JALがこれまで行なってきた取り組みと、今後の想定される環境

 西尾氏は「本中期計画では、『世界のJALに』『一歩先を行く価値を創る』『常に成長し続ける』というJALビジョンの実現に向けフルサービス事業を磨き上げることに取り組み、安全/サービス/強化に向けた将来投資を行ないつつ、グローバルな変化に対応し、お客さまに選ばれるエアラインを目指す」と目標を語った。

 今後の取り組みとしては、2017年~2020年もコア領域である国際旅客・国内旅客・貨物郵便を従来の1.1倍に増やすこと、また新領域ではグラウンドハンドリング受託やカード事業、旅行事業などの航空関連事業と、ビジネスジェット、ファンジャパンなどの航空周辺ではない部分を含め1.3倍に増やし、売り上げとしては1兆5000億円規模を目指したいと語った。

取り組みと事業ポートフォリオ
成長のステップ

 将来投資については、品質・安全・サービスに不可欠な投資を積極的に行ない、高品質とコスト競争力の両立を図りながら、両方に沿った状況で2021年度以降の利益を上げていくとした。

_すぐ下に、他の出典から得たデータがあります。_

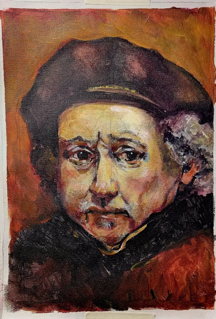 I’ve started 2 pencil sketches for next week, but after that I gave up until about 4pm when I decided to finish the painting of rembrandt that I had been using in the last art lesson.
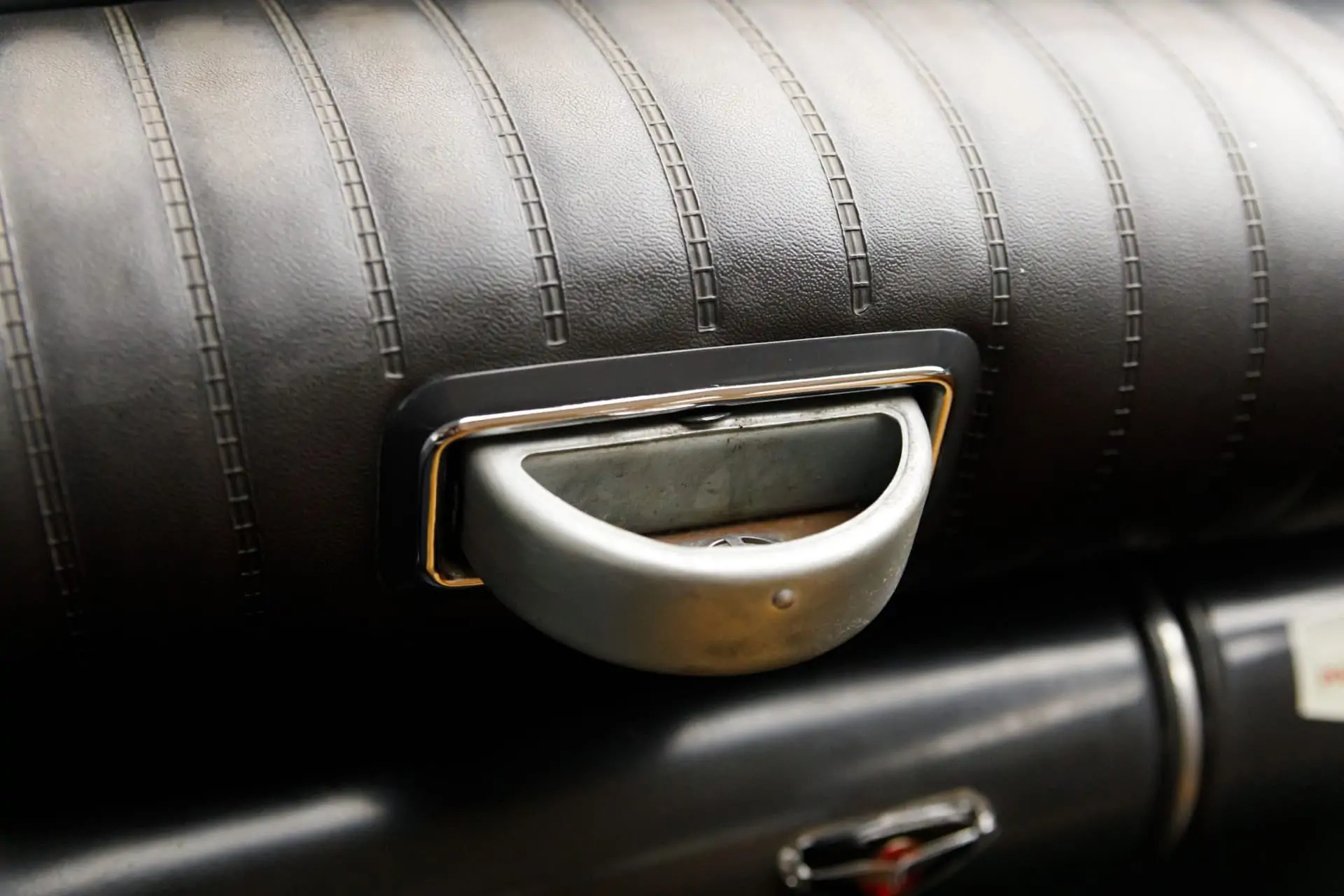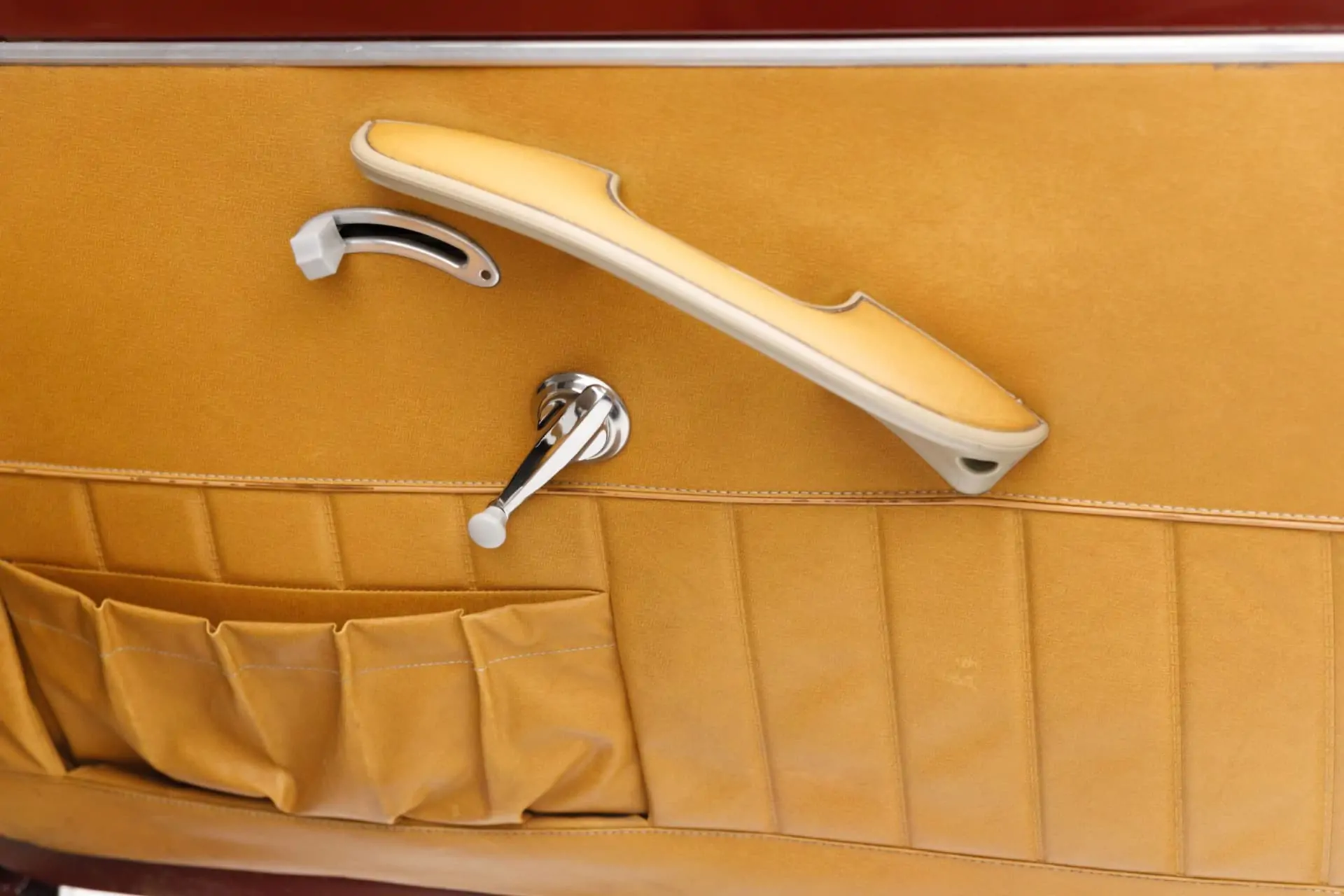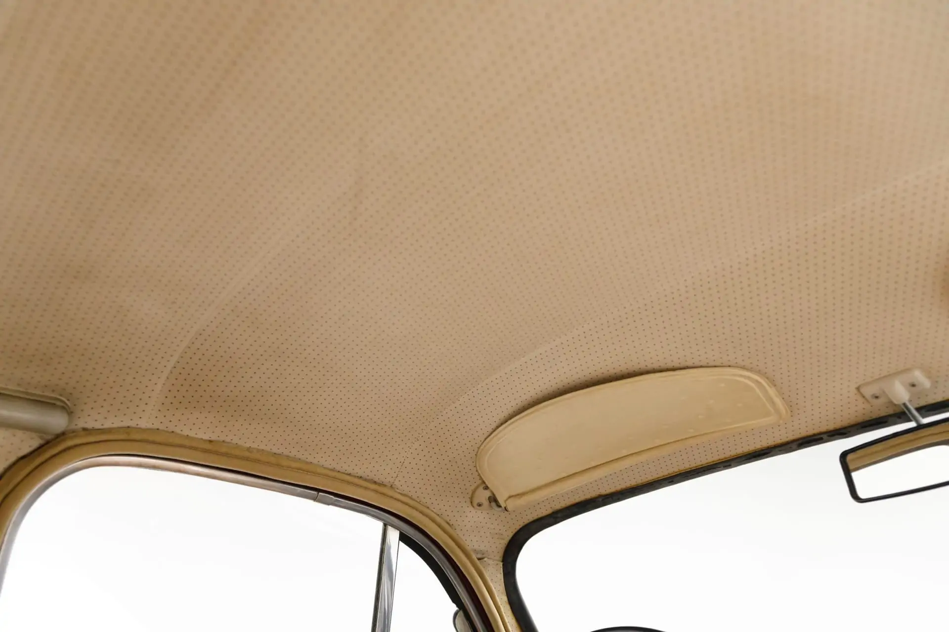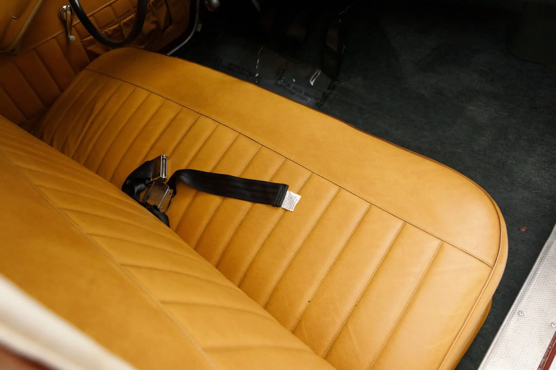 Les banquettes et les panneaux de porte sont garnis de vinyle beige, et le tableau de bord noir comporte une partie supérieure rembourrée et trois compartiments de rangement. Un seul levier actionne les clignotants, les phares et le klaxon, tandis que des interrupteurs situés sur la colonne de direction activent les essuie-glaces et les feux de stationnement de chaque côté de la voiture. Des ceintures de sécurité abdominales sont prévues pour les occupants avant, et des tapis noirs recouvrent les planchers et le coffre.

 国際線では、成長の見込める東南アジア・北米のASKの伸びを123%にすることや、首都圏空港発着枠の積極的活用によるネットワーク強化、東南アジア線のビジネスクラスのフルフラット化や中距離路線の「新・間隔エコノミー」の設置を2020年度までに8割強まで増やしたいとした。また、新たな需要獲得としては、海外のプロモーションに力を入れていきたいと語った。

 国内線では新機材として2019年にエアバス A350-900型機を順次導入していく予定とした。また機内Wi-Fiの無料化を順次展開していくほか、ラウンジのリニューアル、高付加価値の設備で利用者が満足のいくサービスを提供していきたいと語った。また、現在のJALにおける外国人の国内線搭乗割合は2%だが、増大する訪日需要を取り込んで、倍の数字を目標にしたいとした。

 機材については、国際線・国内線合わせて2017年末で226機(国際線85機、国内線141機)を保有しているが、2020年には231機(国際線92機、国内線139機)を保有予定としている。国際線は市場成長に合わせてボーイング 787型機を導入していく。国内線が減っている理由として現在飛んでいるボンバルディア DHC-8-Q400CC型機、SAAB 340型機といったリージョナルジェットが退役し、その代わりにエンブラエル 170型機への置き換えを行なっているためと説明した。